The twist is that the aliens, based on their observations of the universe, have come to the conclusion that science has proven the existence of God. Their observations of Earth only confirm this. The scientist is an atheist, and we discover he is dying of cancer. So the debates between the two, mostly regarding the nature of life and universe, take on an unusual, fascinating tone. The alien makes the scientific case for the existence of God, quoting statistics about the variance of constants, while the scientist makes the emotional, faith-based case against the existence of God. If there is a God who created the laws of physics, why would he create cancer? What possible being could morally justify so much suffering?

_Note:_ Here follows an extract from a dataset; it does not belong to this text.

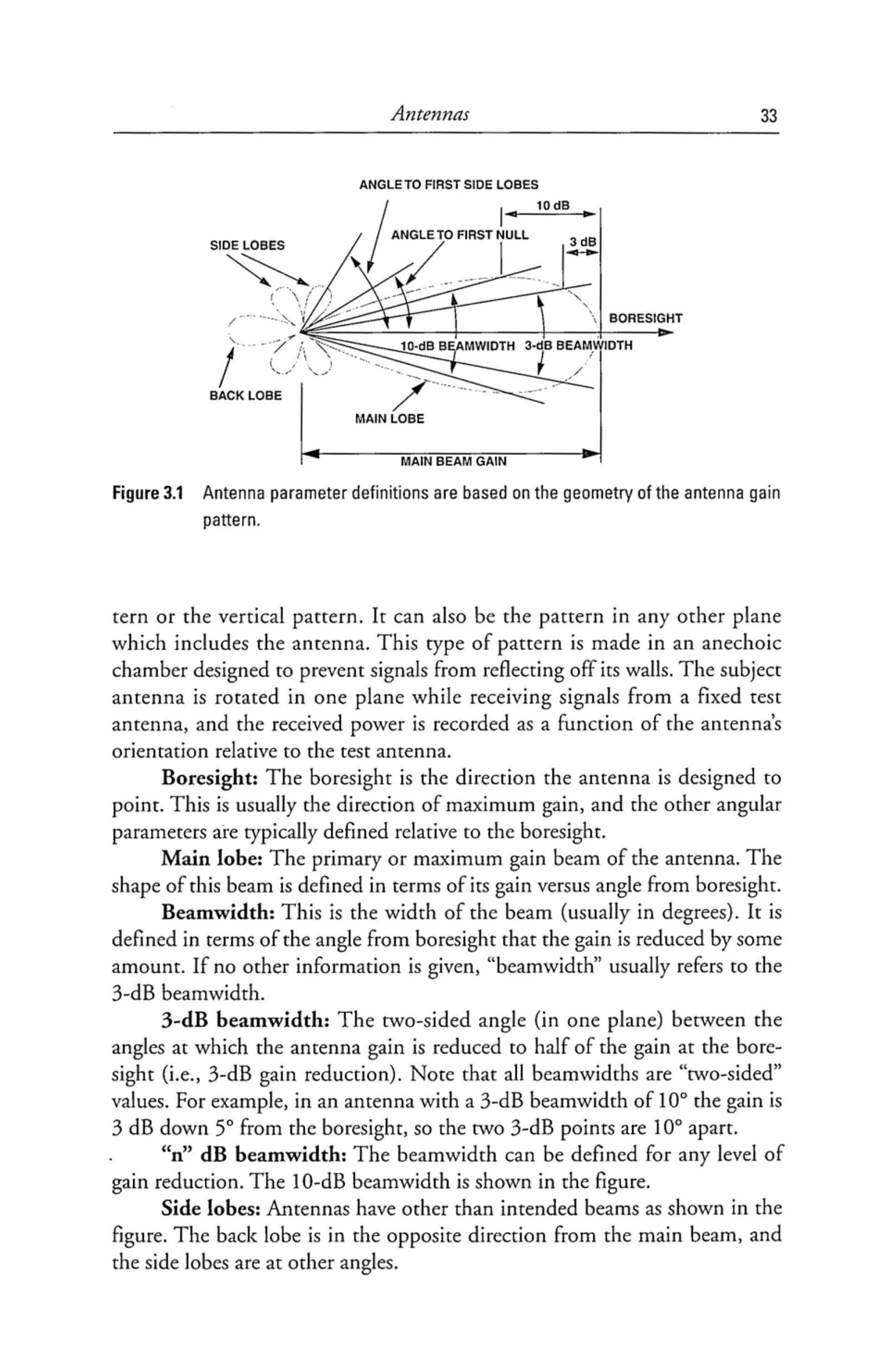 在整个电子战领域中,最重要(且经常被误解)的一个方面就是定义天线波束的各种参数。几个天线波束定义可以从图 3.1 描述,该图表示天线在某一平面内的幅度方向图。这可以是水平面方向图或垂直面方向图,也可以是包含天线的其他任何平面中的方向图。这种方向图是在消声室中测得的,该消声室的设计目的是防止信号从墙壁反射。被测天线在一个平面内旋转,同时接收来自固定测试天线的信号,并记录接收功率随天线相对测试天线的方向变化情况。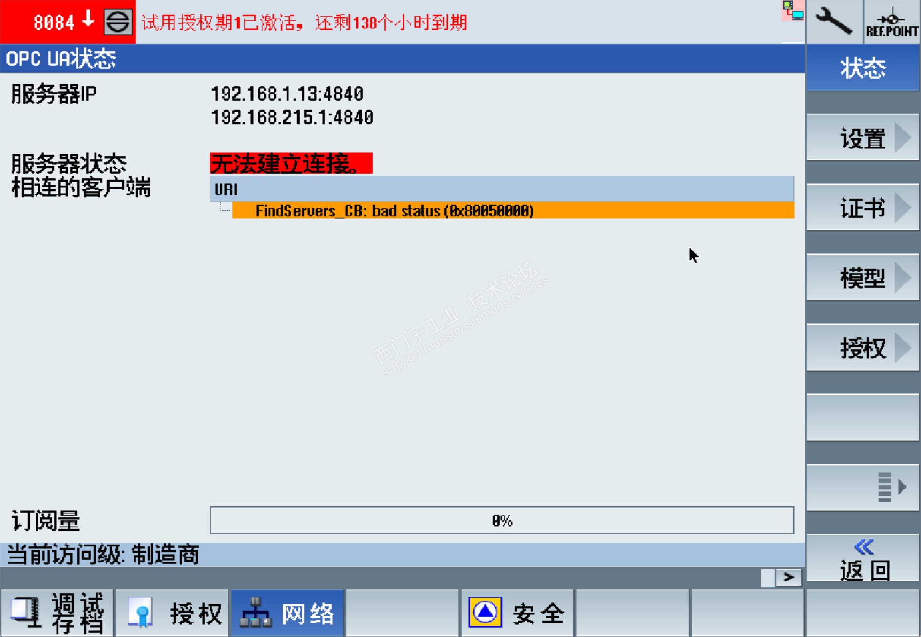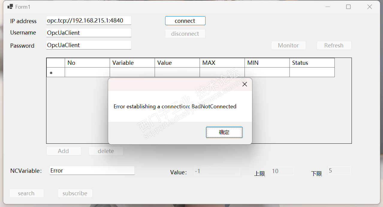 我在用电脑跟机床使用OPC链接的时候,总是报通信错误。是我哪里设置的不对呢?

Despite the occasional bit of jargon, the book is one of the quickest, easiest reads I've come across in a while. It's hard to put my finger on why. It would have been easy for Sawyer to fall into the usual trap of Hard SF, to be distracted by the science at the expense of our own enjoyment of the story, but he avoids this with strong characterization, and a vivid depiction of the warm friendship that builds between the scientist and the alien. This is that rare specimen, alien who, without just being a human with pointy ears, feels like a real "person". The book isn't perfect, and there's a totally unnecessary subplot involving terrorists targeting fossils, but it was one of my favorite random finds in a long time.

Halting State by Charles Stross

Charles Stross is a British writer who has a way of making made-up technojargon sound like good, smooth writing. How he does this I have no idea, but I think it has something to do with strong characterization and not being afraid to make bold stylistic choices. Halting State is a lot of things, but one thing it's not is simple to read. It jumps among a number of characters, all the while being written in the second person, mixing a strong scottish brogue with internet-speak both real and imagined. How do you write in a scottish brogue? Again, I'm not really sure, but Stross definitely manages it. ("You cannae understand why the prize twat isna answering his IM") This is a story set circa 2020, and centering around the world of virtual reality gaming. Probably the main through-line is provided by a detective who is assigned to investigate a seemingly impossible bank robbery with real-world implications carried out in a sort of next-gen "World of Warcraft" by a band of orcs "with a dragon along for fire support." Science Fiction was slow discovering the internet, but between this book and others like last year's tremendous Hugo winner, Rainbow's End by Vernor Vinge, the the web is building up its own field of SF lit. It's about time.

4 comments:

Truman Carr said...

I'll have to check those out, thanks Dan.

Right now I'm reading the books True Blood was based on. So far the series is pretty close to the source.

Rob Kidman said...

Currently I'm working my way through the TV Guide. Fascinating.